Begin a deduction from a tautology, also make a tautology?

Question

I'm doing a course in first-order logic in mathematics and I've stumpled upon a question while preparing for the exam:
Assume you have two formulas (well-formed) $\varphi, \psi$ and you have proved that $\psi \vdash \varphi$, i.e. there is a deduction from $\psi$ to $\varphi$. Now you get asked whether or not it also holds that $\psi \models_t \varphi$ (if $\psi$ tautologically implies $\varphi$).
Can one argue by, since $\varphi$ is a deduction from $\psi$, then by proving $\psi$ is a tautology, then $\varphi$ must also be a tautology? I can't really find anything in my notes about a similar argument, so I'm a bit unsure how to argue for the tautology...
(For your own information, we have used, or more followed Enderton's book in the course, if that helps...)

Answer 1

See Enderton's Logic, page 115: in general $\varphi \vdash \psi$ does not imply $\varphi \vDash_t \psi$.

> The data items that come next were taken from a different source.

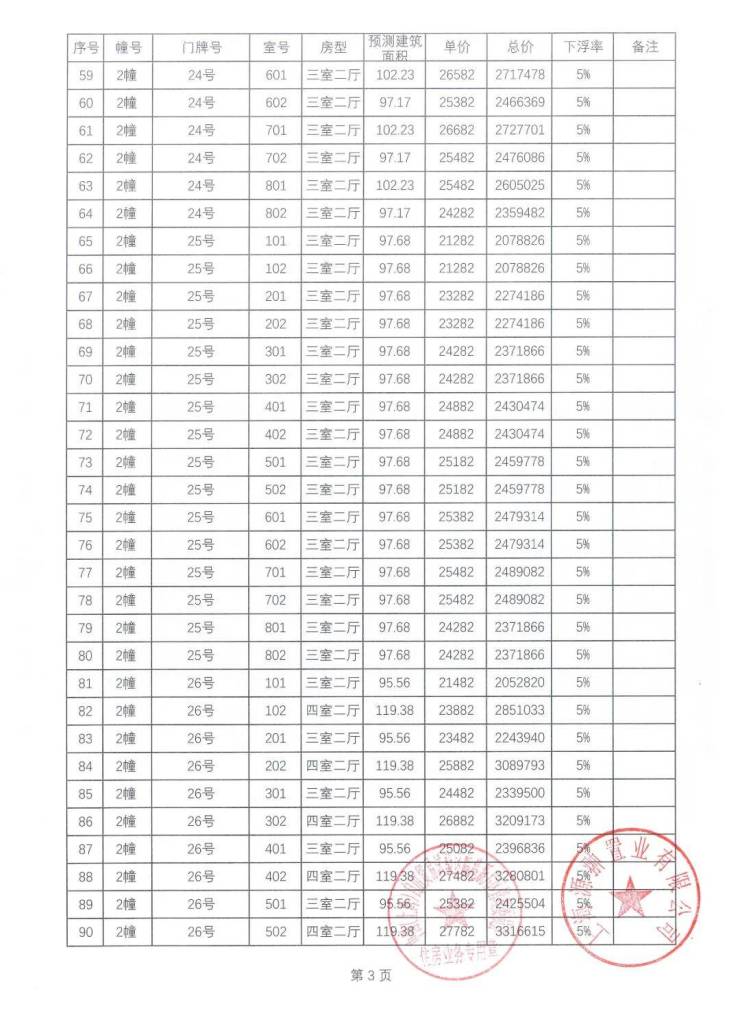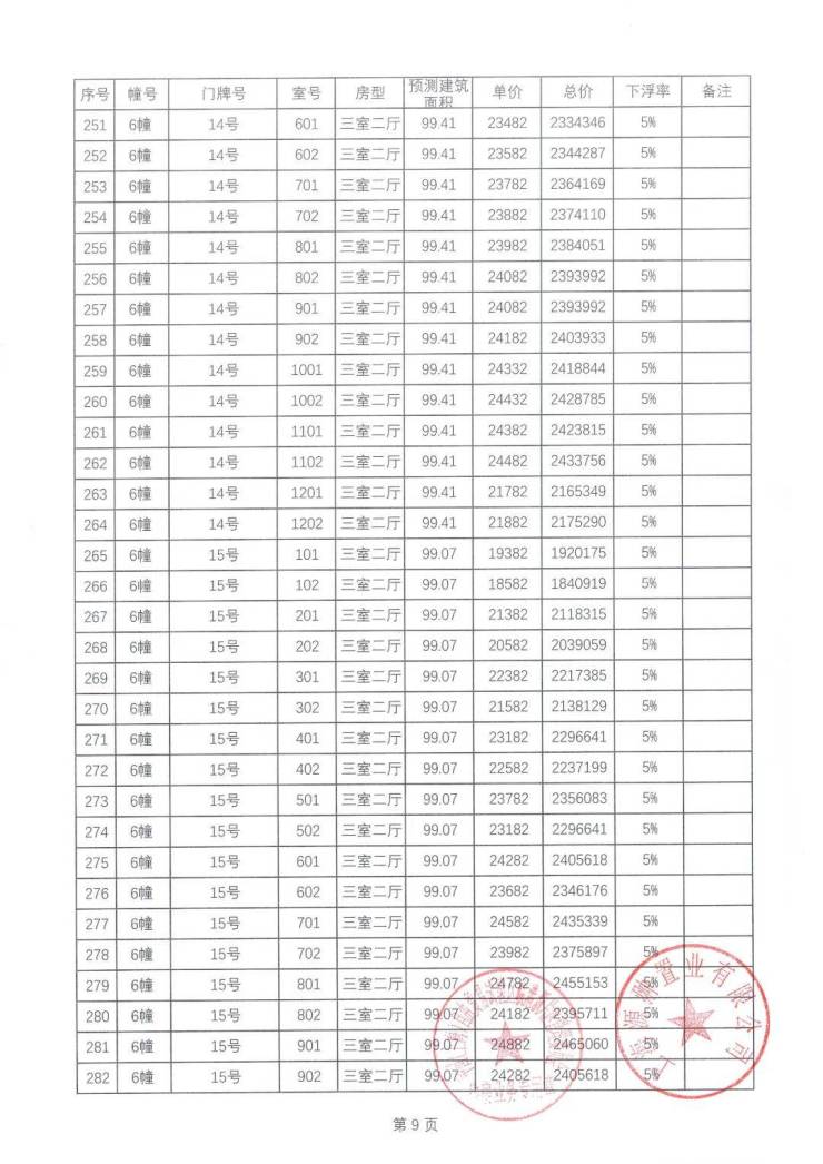 一房一价表
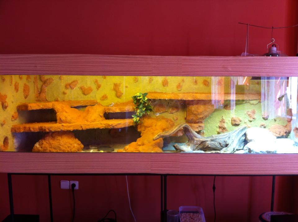 Ahoj sam mam terarium 250x75x70 komplet s 3D pozadim. Zatim tam mam 3 male agamky ale libi se jim urcite. Ale ted k tomu osvetleni ze zkusenosti: UVB- Solar Raptor aspon 70W krasne to doplnuje Lampa Glow Light Halogen a samozrejme tu Solarku s predradnikem, Vyhrevko jsem pouzil Hi-Spot63 50W Spot Sylvania, namirenou smerem pod zdroj UVB a na strop staci 1,2m kuchynske svitidlo s krytem plastovym a s teplotou svetla 6-7000K... mam teploty v terariu 28°C prumer a pod lampou 43°C pokud bys chtel nejake rady atd ohledne stavby nebo i toho svetla dal, napis na e-mail: bartosrudolf@seznam.cz. Zatim hodne stesti preji
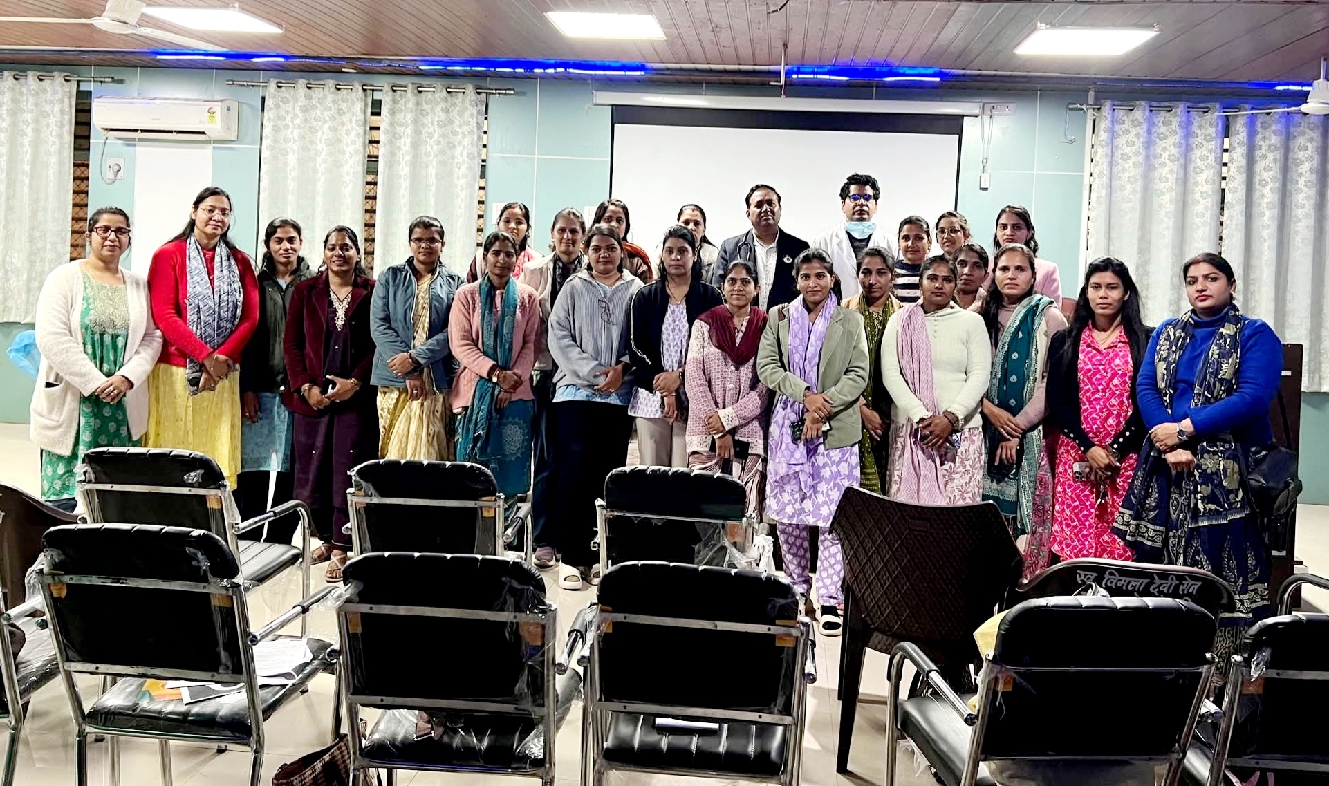 साथ ही सेमिनार हॉल में VIA प्रशिक्षण हेतु उपस्थित CHO प्रतिभागियों को पीएमओ डॉ. दिनेश वैष्णव, कैंसर नोडल अधिकारी डॉ. नरेश कुमार खत्री, उपनियंत्रक डॉ. मनीष वर्मा एवं डॉ. अनुपमा वर्मा (जिला समन्वयक – सर्वाइकल कैंसर) द्वारा कैंसर की जाँच, निदान, उपचार एवं रेफरल प्रक्रिया से संबंधित प्रशिक्षण प्रदान किया गया। इस दौरान यह भी बताया गया कि ओरल, ब्रेस्ट एवं सर्वाइकल—तीनों प्रमुख कैंसरों की समय पर पहचान से प्रभावी उपचार संभव है तथा इससे रोगियों के जीवन को बचाया जा सकता है।
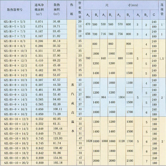 SZL(B)型翅片管散热器,用无缝钢管φ25×2.5mm作为基管,铝孔翅片管外径为直径57mm,根径为φ26.5mm,片距为2.8mm组成。散热性能好、使用可靠、耐腐蚀性、光洁、美观。应用于乳品、啤洒、食品、淀粉、化工、造纸、机械、医-药、空调、印染等行业。
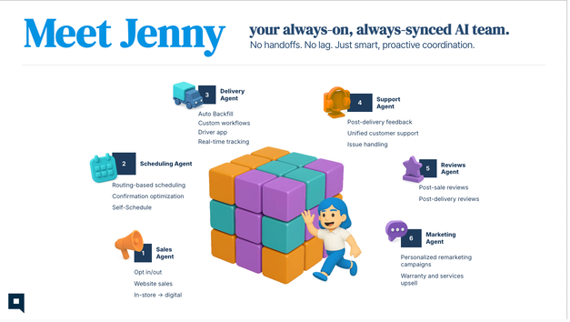 The platform is described by Anthony as 'AI native, built from the ground up to automate the post-purchase journey.' Its assistant, called Jenny, manages routine processes such as appointment confirmations and rescheduling through two-way SMS communication.
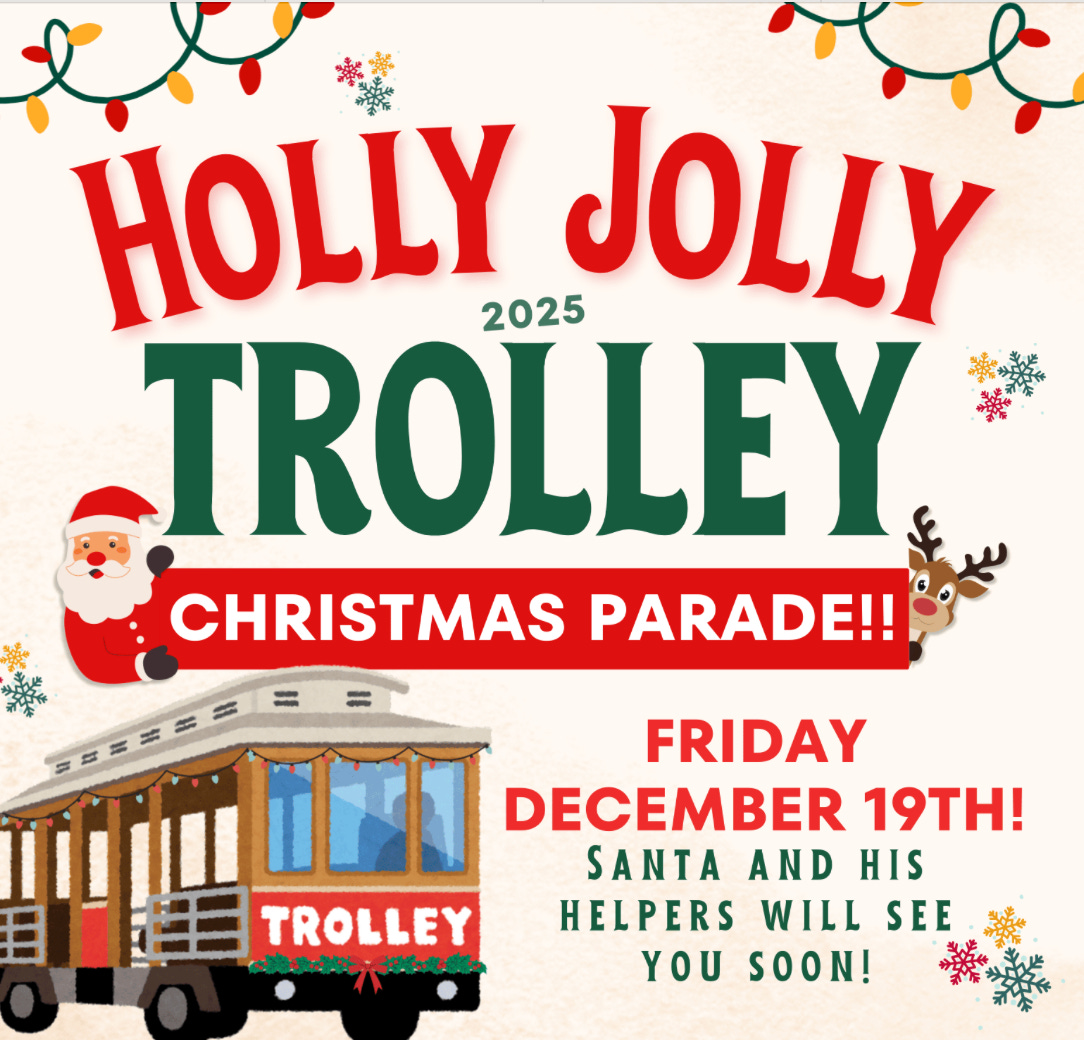 Although the visits themselves are private events, the trolleys will be on public roads all day, and community members are encouraged to keep an eye out. If you see the Holly Jolly Trolleys, you are invited to wave, take pictures, and share them on social media using the hashtag #HJTrolley.

The counter-example is in the text: we have $∀xPx⊢Pc$ but the second is not tautologically implied by the first one.

Why so? because in order to use tautological implication we have to "model" the predicate logic case in terms of propositional logic. But $\forall x Px$ and $Pc$ are two different atomic formulas: $Q$ and $R$ say, and $Q \nvDash_t R$.

We have to apply THEOREM 24B $\Gamma \vdash \varphi$ iff $\Gamma \cup \Lambda$ tautologically implies $\varphi$.

As suggested by the proof of the theorem, you can easily verify that: $\forall x Px, \forall x Px \to Pc \vDash_t Pc$.

Note: wrt to the title, if $\varphi$ is a tautology and $\varphi \vdash \psi$, due to soundness we have $\varphi \vDash \psi$ and thus also $\psi$ is a tautology. But this is consistent with the discussion above: $\forall xPx$ is not a tautology.